How to complete this task:
Copy out the entries that follow exactly, leaving out the pictures.

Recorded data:
+--
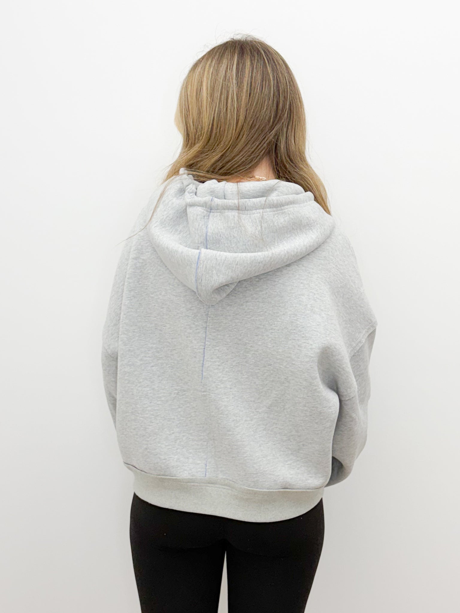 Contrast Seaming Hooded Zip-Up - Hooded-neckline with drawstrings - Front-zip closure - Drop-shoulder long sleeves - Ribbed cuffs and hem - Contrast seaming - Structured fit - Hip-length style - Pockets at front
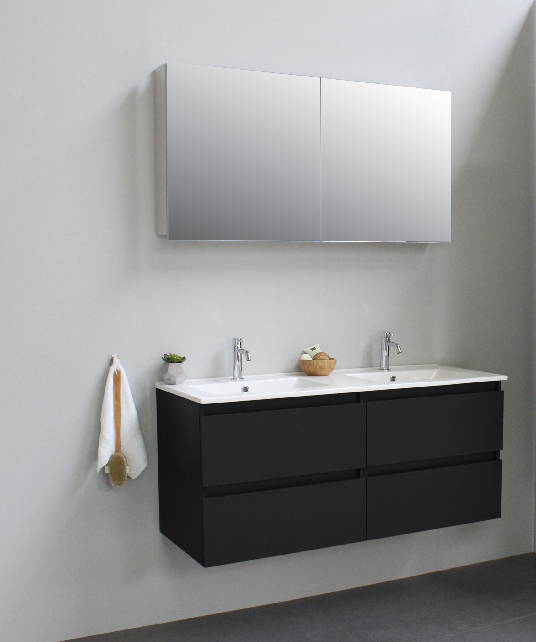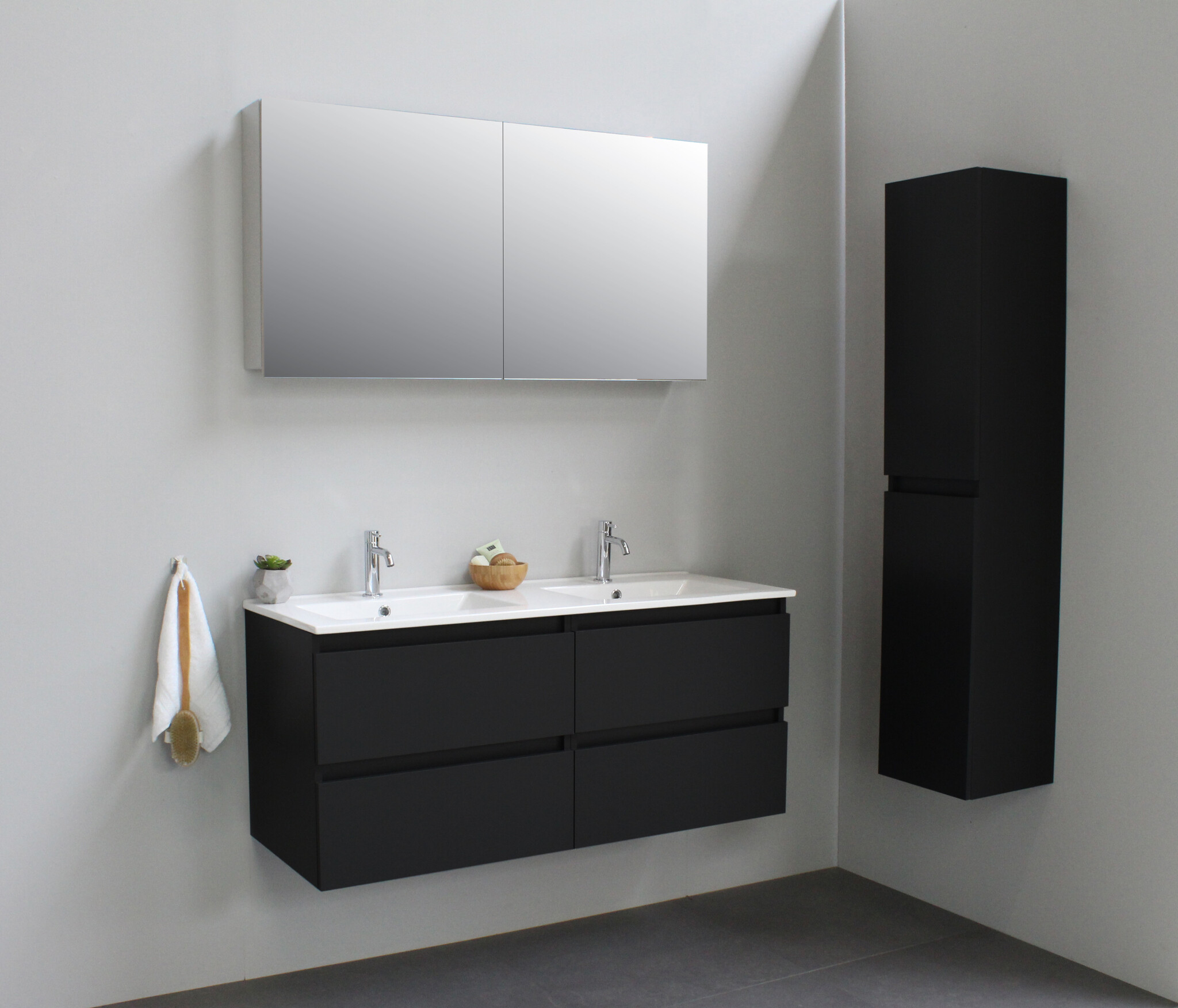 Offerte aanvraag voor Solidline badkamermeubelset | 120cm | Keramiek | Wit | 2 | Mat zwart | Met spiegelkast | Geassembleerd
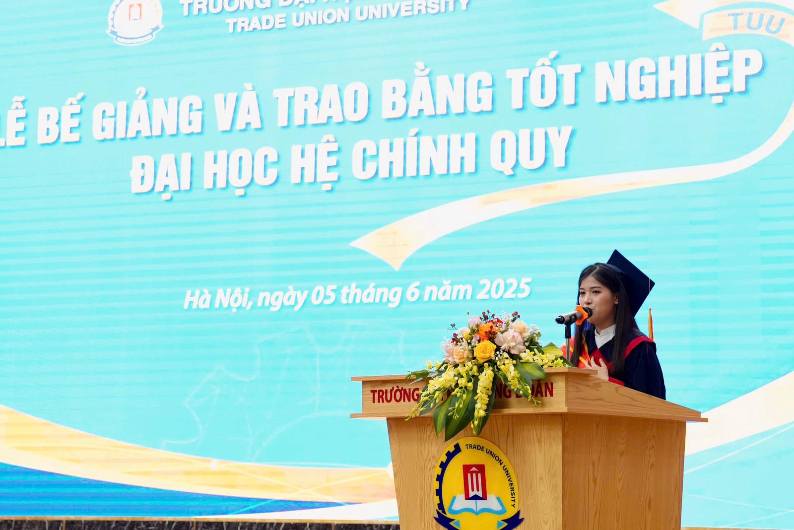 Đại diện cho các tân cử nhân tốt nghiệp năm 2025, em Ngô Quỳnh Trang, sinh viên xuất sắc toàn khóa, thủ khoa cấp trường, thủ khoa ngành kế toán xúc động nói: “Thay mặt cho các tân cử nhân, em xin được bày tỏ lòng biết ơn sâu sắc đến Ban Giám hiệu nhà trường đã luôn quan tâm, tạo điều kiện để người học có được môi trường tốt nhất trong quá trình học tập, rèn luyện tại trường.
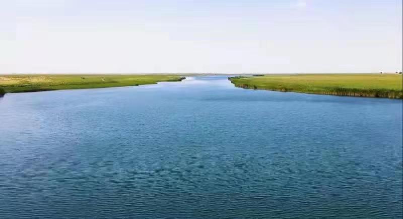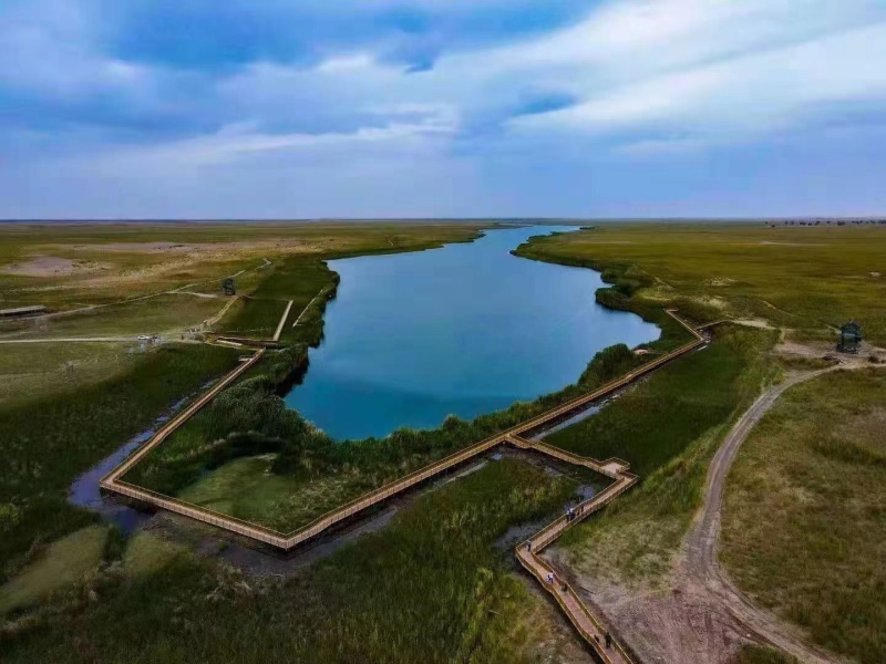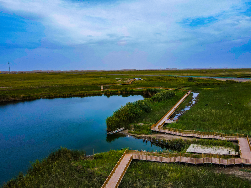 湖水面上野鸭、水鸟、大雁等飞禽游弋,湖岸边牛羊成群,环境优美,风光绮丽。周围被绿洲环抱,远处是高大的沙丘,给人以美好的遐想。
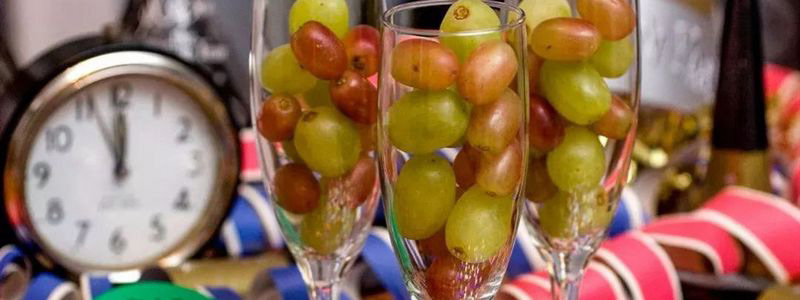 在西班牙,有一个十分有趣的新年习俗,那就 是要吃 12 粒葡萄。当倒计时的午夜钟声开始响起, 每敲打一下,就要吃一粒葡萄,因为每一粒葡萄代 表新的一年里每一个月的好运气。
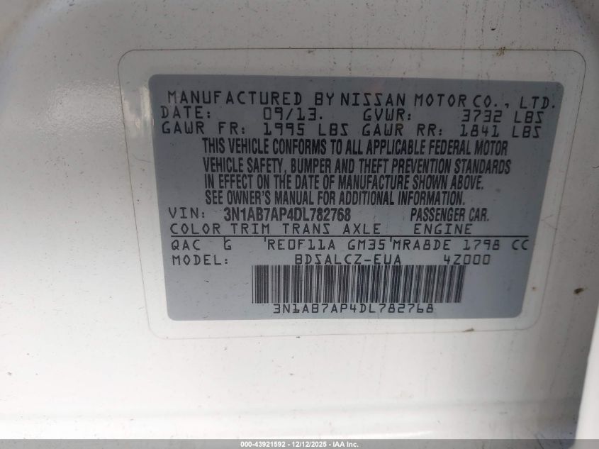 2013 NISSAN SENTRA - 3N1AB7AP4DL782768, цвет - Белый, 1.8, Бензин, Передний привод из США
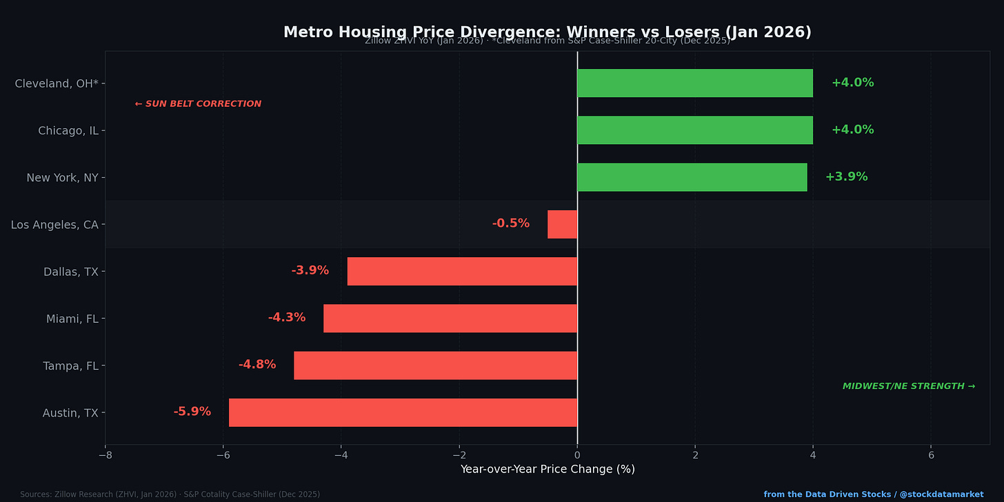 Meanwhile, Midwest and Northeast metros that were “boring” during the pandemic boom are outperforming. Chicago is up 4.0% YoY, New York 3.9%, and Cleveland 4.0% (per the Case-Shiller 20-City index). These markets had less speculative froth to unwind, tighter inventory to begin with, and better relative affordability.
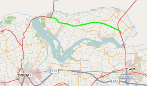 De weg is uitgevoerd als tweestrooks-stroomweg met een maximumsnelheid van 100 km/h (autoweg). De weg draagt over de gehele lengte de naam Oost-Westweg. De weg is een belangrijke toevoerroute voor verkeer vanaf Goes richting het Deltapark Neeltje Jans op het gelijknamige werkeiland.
+--
Answer space:
 Contrast Seaming Hooded Zip-Up - Hooded-neckline with drawstrings - Front-zip closure - Drop-shoulder long sleeves - Ribbed cuffs and hem - Contrast seaming - Structured fit - Hip-length style - Pockets at front
 Offerte aanvraag voor Solidline badkamermeubelset | 120cm | Keramiek | Wit | 2 | Mat zwart | Met spiegelkast | Geassembleerd
 Đại diện cho các tân cử nhân tốt nghiệp năm 2025, em Ngô Quỳnh Trang, sinh viên xuất sắc toàn khóa, thủ khoa cấp trường, thủ khoa ngành kế toán xúc động nói: “Thay mặt cho các tân cử nhân, em xin được bày tỏ lòng biết ơn sâu sắc đến Ban Giám hiệu nhà trường đã luôn quan tâm, tạo điều kiện để người học có được môi trường tốt nhất trong quá trình học tập, rèn luyện tại trường.
 湖水面上野鸭、水鸟、大雁等飞禽游弋,湖岸边牛羊成群,环境优美,风光绮丽。周围被绿洲环抱,远处是高大的沙丘,给人以美好的遐想。
 在西班牙,有一个十分有趣的新年习俗,那就 是要吃 12 粒葡萄。当倒计时的午夜钟声开始响起, 每敲打一下,就要吃一粒葡萄,因为每一粒葡萄代 表新的一年里每一个月的好运气。
 2013 NISSAN SENTRA - 3N1AB7AP4DL782768, цвет - Белый, 1.8, Бензин, Передний привод из США
 Meanwhile, Midwest and Northeast metros that were “boring” during the pandemic boom are outperforming. Chicago is up 4.0% YoY, New York 3.9%, and Cleveland 4.0% (per the Case-Shiller 20-City index). These markets had less speculative froth to unwind, tighter inventory to begin with, and better relative affordability.
 De weg is uitgevoerd als tweestrooks-stroomweg met een maximumsnelheid van 100 km/h (autoweg). De weg draagt over de gehele lengte de naam Oost-Westweg. De weg is een belangrijke toevoerroute voor verkeer vanaf Goes richting het Deltapark Neeltje Jans op het gelijknamige werkeiland.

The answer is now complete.